Dzikir ditinjau dari segi bahasa (lughatan)
adalah mengingat, sedangkan dzikir secara istilah adalah membasahi lidah dengan
ucapan-ucapan pujian kepada Allah.[1]
Secara etimologi dzikir berasal dari kata “zakara” berarti menyebut,
mensucikan, menggabungkan, menjaga, mengerti, mempelajari, memberi dan nasehat.
Oleh karena itu dzikir berarti mensucikan dan mengagungkan, juga dapat
diartikan menyebut dan mengucapkan nama Allah atau menjaga dalam ingatan
(mengingat).[2]
Dzikir merupakan ibadah hati dan lisan yang tidak mengenal batasan waktu.
Bahkan Allah menyifati ulil albab, adalah mereka-mereka yang senantiasa
menyebut Rabnya, baik dalam keadaan berdiri, duduk bahkan juga berbaring. Oleh
karenanya dzikir bukan hanya ibadah yang bersifat lisaniyah, namun juga
qalbiyah.

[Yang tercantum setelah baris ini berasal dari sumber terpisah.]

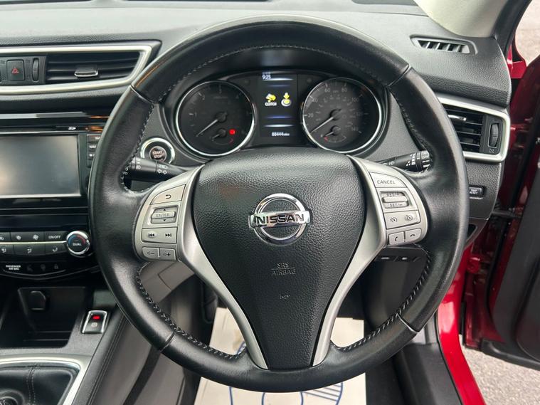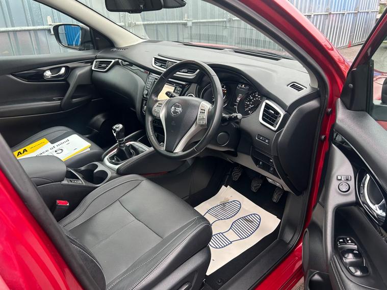 Graham Marsh Car Sales Ltd are delighted to offer this totally superb 2016 (66) Nissan Qashqai 1.5 dCi Tekna SUV 5dr Diesel Manual 2WD Euro 6 (s/s) (110 ps) finished in glorious metallic red with power steering, electric windows, remote central locking, driver and passenger airbags, anti-lock brakes, ESP, alloy wheels, cruise control, AUX/USB/Bluetooth connectivity, satellite navigation, front and rear parking sensors, reversing camera, full leather interior, heated front seats and a panoramic roof, making this a superb MPV with full service history that is ULEZ compliant and costs just £20 per year in road tax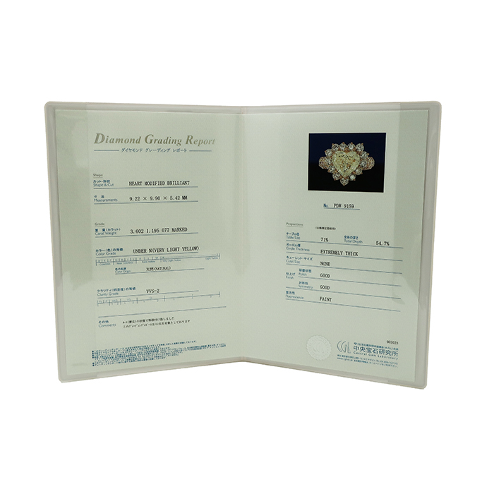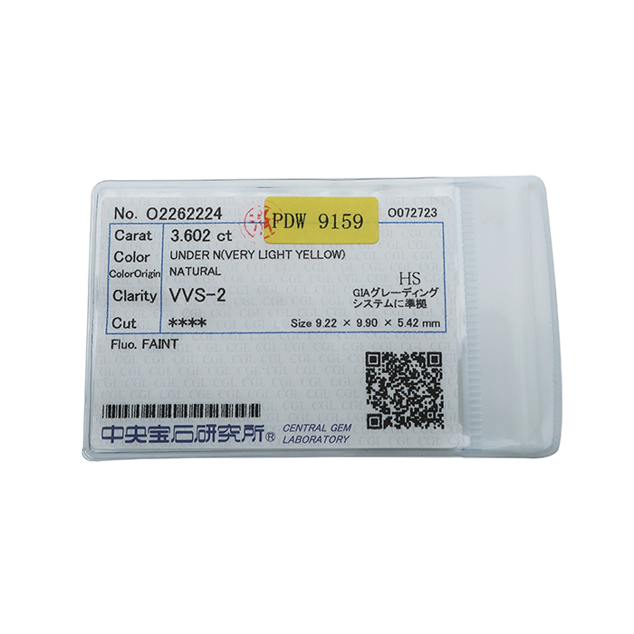 | ダイヤモンド | カラー:VLY(VERY LIGHT YELLOW) クラリティ:VVS-2 カット:HS(HEART MODIFIED BRILLIANT) |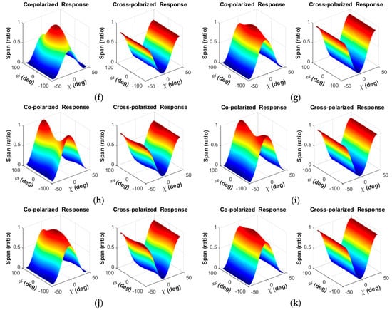 The co-pol and cross-pol response signature of CRs. The signatures show the normalized synthetic span value at different polarization pattern (expressed in a combination of ellipse orientation angel φ and ellipticity angle χ). These charts are: (a) theoretical PRS form of a triangular CR; (b,c) the PRSs before PolCAL and after PolCAL of image 0002441640; (d,e) the PRSs before PolCAL and after PolCAL of image 0002441191; (f,g) the PRSs before PolCAL and after PolCAL of image 0002463755; (h,i) the PRSs before PolCAL and after PolCAL of image 0002475549; (j,k) the PRSs before PolCAL and after PolCAL of image 0002491702. There are two PRS pictures for each image: the left one is the PRSs before calibration, and the right one is the PRSs after calibration.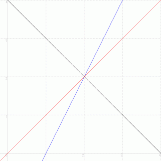 として、 これらの式をグラフで表します。まず、 ある点 ( x,y ) = ( a 1 , 0 ) から出発して y 軸 と平行に移動し、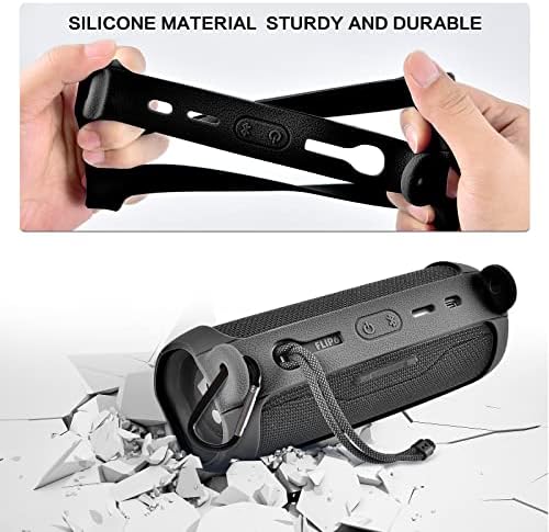 Silicone Case for JBL FLIP 6 Waterproof Transportable Bluetooth Speaker, Gel Delicate Pores and skin Rubber Cowl, Journey Carrying Storage Bag Pouch with Shoulder Strap and Carabiner – Black

Imam Nawawi menyatakan bahwa yang afdhal adalah dilakukan bersamaan
di lisan dan di hati. jika harus salah satunya, maka dzikir hatilah yang lebih
di utama. Meskipun demikian, menghadirkan maknanya dalam hati, memahami
maksudnya merupakan suatu hal yang harus diupayakan dalam dzikir.[3]
Di dalam al-Qur’an, Allah menegaskan berkenaan dengan dzikir yaitu: Artinya: ‘Maka apabila kamu telah menyelesaikan shalat(mu), ingatlah Allah di waktu berdiri, di waktu duduk dan di waktu berbaring. kemudian apabila kamu telah merasa aman, Maka dirikanlah shalat itu (sebagaimana biasa). Sesungguhnya shalat itu adalah fardhu yang ditentukan waktunya atas orang-orang yang beriman’. (QS. an-Nisa:103).
Artinya: ‘Apabila telah ditunaikan shalat, Maka bertebaranlah kamu di muka bumi; dan carilah karunia Allah dan ingatlah Allah banyak-banyak supaya kamu beruntung’. (QS. al-Jumu’ah: 10).
Artinya: ‘(yaitu) orang-orang yang beriman dan hati mereka manjadi tenteram dengan mengingat Allah. Ingatlah, hanya dengan mengingati Allah-lah hati menjadi tenteram’. (QS. ar-Ra’d : 28).
Oleh karenanya, mulai hari ini, marilah
kita isi hidup dan kehidupan kita dengan banyak berdzikir kepada Allah SWT serta pula memperbanyak shalawat kepada
junjungan Nabi Muhammad SAW agar setiap hari dalam hidup dan kehidupan kita,
kita selalu tersambung dengan Rasulullah dan Allah SWT.
[1] Ismail Nawawi, Risalah
Pembersih Jiwa: Terapi Prilaku Lahir & Batin dalam Perspektif Tasawuf
(Surabaya: Karya Agung Surabaya, 2008), 244.
[2] Hazri Adlany, et al, al-Qur’an Terjemah Indonesia (Jakarta: Sari Agung,2002),
470
[3] Ismail Nawawi, Risalah
Pembersih Jiwa: Terapi Prilaku Lahir & Batin dalam Perspektif Tasawuf, 244.